Related to that is the likelihood that for much of the Earth’s “middle ages” atmospheric oxygen levels were much lower than today’s.The author’s theory is just 10% of today’s levels.
That’s until around 630 million years ago, when at least some deep ocean waters became oxygenated, evidence from iron and molybdenum indicate. That takes the story to Newfoundland, and fossils from the Edicaran era of some 575 million years ago, including rangeomorphs, which lived, attached to the ocean floor, too deep to be photosynthesising, without a gut or reproductive organs. These were probably thus animals, although animals with no living relatives of even the most distant kind, obtaining their oxygen by passive diffusion across their surface. One theory suggests that this evolution was driven by high rates of organic matter burial as the supercontinent Rodinia broke up. Still, however, we’re at only 15% of current-day oxygen levels.

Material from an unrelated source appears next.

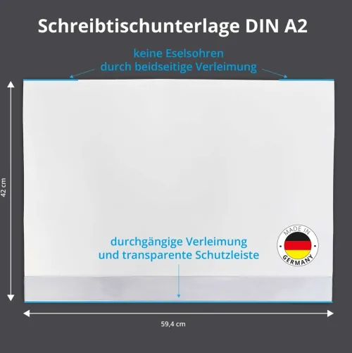 Unsere Unterlagen bieten ausreichend Platz für Notizen, Ideen und sonstige Termine. Wenn aus einem flüchtigen Gedanken eine innovative Idee wird – mit unseren Unterlagen hast Du definitiv genug Platz diese Idee auszuarbeiten und weiterzudenken! Die DIN A2 Unterlagen bestehen aus 25 Blatt zum abreißen und können nicht nur als Notiz-, sondern genauso als Malblock verwendet werden. Die ausgezeichnete Papierqualität bietet optimalen Schreib-, Zeichen-, oder Malkomfort vom ersten bis zum letzten Blatt.

But where this gets really fascinating is the still very speculative discussion of how animals might have actually influenced the oxygen levels, at least in different parts of the oceans. This is where the idea that the Earth even then was having its chemistry fundamentally shaped and reshaped by living things, just as we’ve more obviously created the Anthropocene today. For the oxygenation of those waters might reflect the development of zooplankton, which from the surface of the ocean produced fast-sinking fecal pellets that would decompose less in the upper layers of the ocean than earlier, slower-settling biomass, increasing their oxygenation.

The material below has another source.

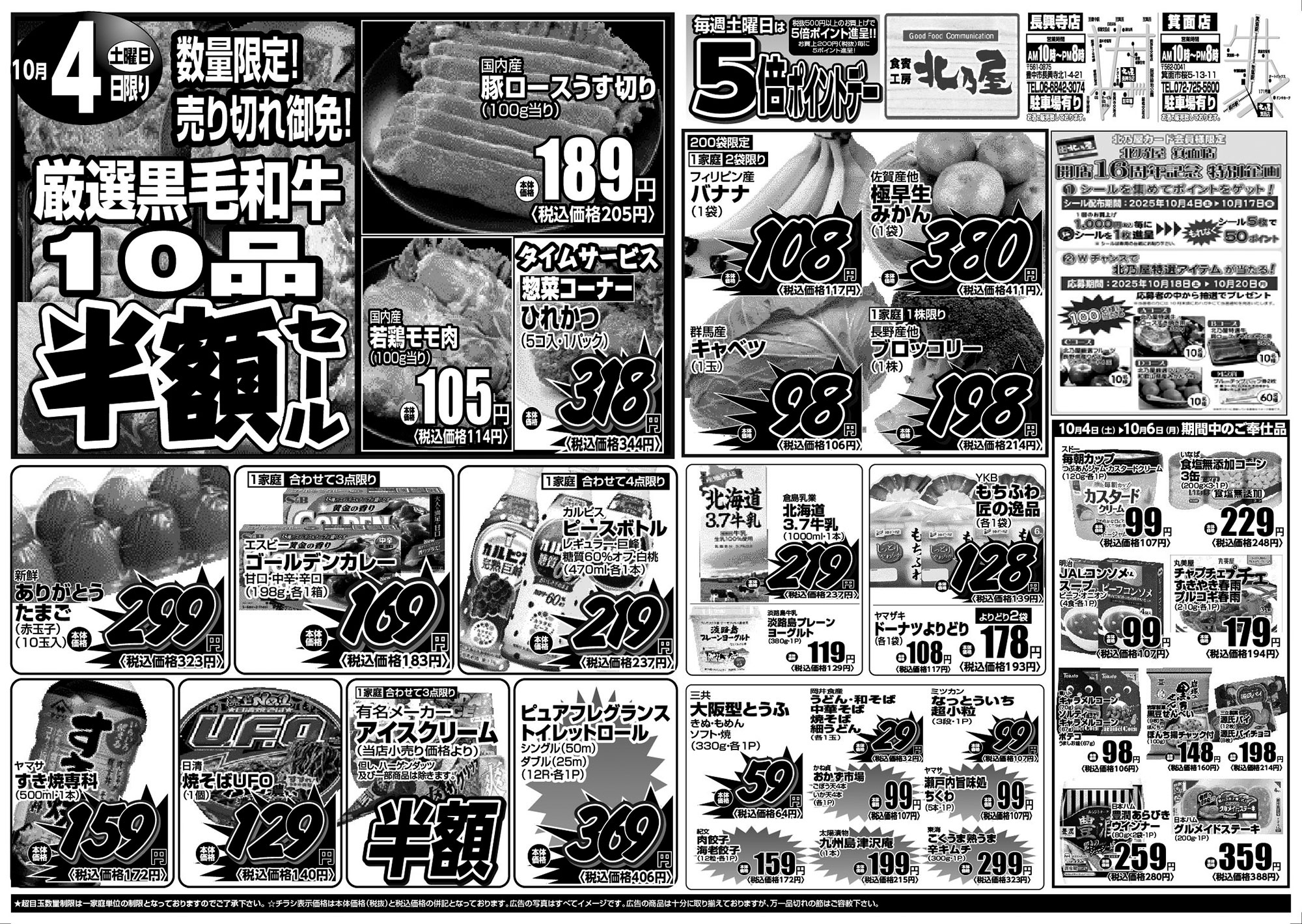 食賓工房北乃屋の最新WEBチラシ(2025年10月4日)

Plants have a role to play in the next understood period of fluctuation, the Permian and Carboniferous, when oxygen levels rose to up to around 35% (today about 21%). Plants, growing big and tall with lignin and cellulose, which are slow to decay, pumped out oxygen, and often when trapped in anaerobic environments like swamps, didn’t break down. (This of course is the source of much of the fossil fuels we’ve been burning up at a great rate – finally releasing that carbon.) Fascinatingly, some of the giant insects of these primordial forests would not be able to fly today, but the extra oxygen allowed rates of respiration that allowed the energy to keep them afloat.

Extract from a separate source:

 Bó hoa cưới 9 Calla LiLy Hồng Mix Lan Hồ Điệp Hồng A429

That tale, told blow by blow, reflects the general approach of the book – it doesn’t just explain the conclusions, but how researchers have arrived at them. It probably isn’t for everyone; you’ll need either a bit of scientific background, or a preparedness to read and re-read, to follow the story, but if you’ve either of those this makes a gripping, fascinating story.
The difficulty of making sense of the early fossil record no doubt contributed to this still unclear picture, for as Canfield explains, really old rocks have invariably been subjected to massive forces of change, particularly heat. So the organic matter in some of the oldest rocks containing it, 3.8 billion year old samples from Isua, Greenland, have been completely converted into graphite as a result of heat. The balance of carbon isotopes in those indicates the existence of life, through what’s known as the Rubusico pathway (the name of an enzyme). And this was deposited on the floor of an ocean, as we’d expect from life in an upper ocean. But many organisms other than cyanobacteria use the pathway, so it isn’t proof of photosyntheising organisms.
Still, it’s clear that we now now a lot more – at least what questions to keep asking – about the Earth’s early history. And in understanding that, hopefully we can come to understand more about how we, as the dominant animals, are causing such massive impacts on our world today. (Although as Canfield makes clear, oxygen levels aren’t anything we need to worry about in the next few million years – that’s as yet even beyond the immediate impact of human action.)